It took Vonnegut more than 20 years to put his Dresden experiences into words. He explained, "there is nothing intelligent to say about a massacre. Everybody is supposed to be dead, to never say anything or want anything ever again." Slaughterhouse Five is a powerful novel incorporating a number of genres. Only those who have fought in wars can say whether it represents the experience well. However, what the novel does do is invite the reader to look at the absurdity of war. Human versus human, hedonist politicians pressing buttons and ordering millions to their deaths all for ideologies many cannot even comprehend.
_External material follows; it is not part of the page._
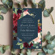 Notre faire-part de mariage Radiant Bloom entoure vos détails de mariage avec un cadre géométrique de fleurs d'aquarelle peintes en marsala bordeaux, rose rousse et bleu marine, avec feuillage botanique vert et feuilles d'eucalyptus sur un riche arrière - plan bleu marine. Un beau choix de couleurs luxuriantes et saturées pour les mariages d'automne ou d'hiver.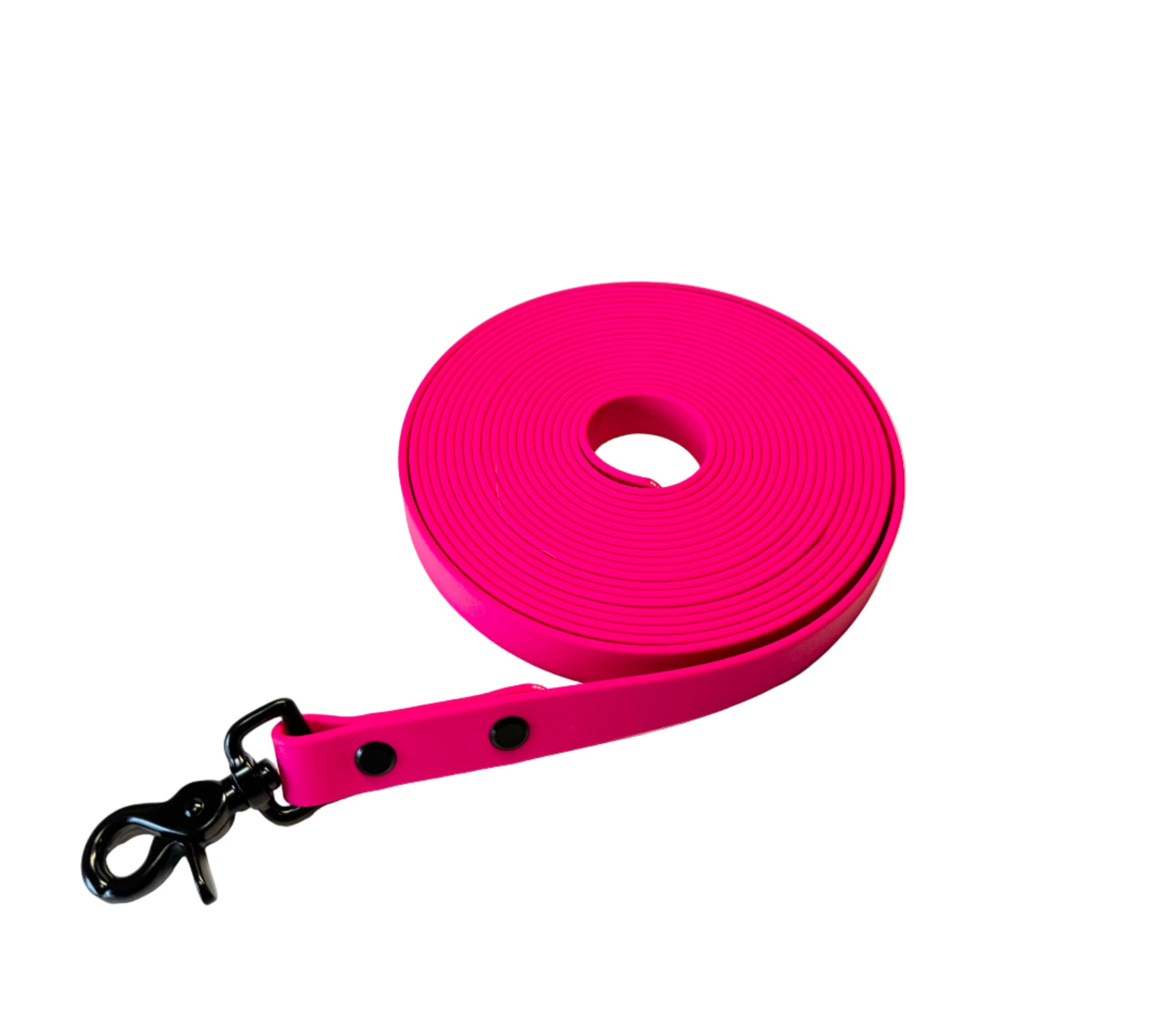 Give your dog freedom while keeping control. This long line leash is perfect for recall training, scent work, or open space adventures. Built from BioThane with reinforced Chicago screws and a D-ring for accessories.

Flicking between the US, 1940's Germany and Tralfamadore, Vonnegut's semi- autobiographical protagonist Billy Pilgrim finds himself very lost. One minute he is being viewed as a specimen in a Tralfamadorian Zoo, the next he is wandering a post-apocalyptic city looking for corpses. Slaughterhouse Five-Or The Children's Crusade A Duty-Dance with Death is a remarkable blend of black humour, irony, the truth and the absurd. The author regards his work a "failure", millions of readers do not. Released the same time bombs were falling on South East Asia, this title caused controversy and awakening. Essential reading for all. So it goes. --Jon Smith

Product Description

Prisoner of war, optometrist, time-traveller - these are the life roles of Billy Pilgrim, hero of this miraculously moving, bitter and funny story of innocence faced with apocalypse. "Slaughterhouse 5" is one of the world's great anti-war books. Centring on the infamous fire-bombing of Dresden in the Second World War, Billy Pilgrim's odyssey through time reflects the journey of our own fractured lives as we search for meaning in what we are afraid to know.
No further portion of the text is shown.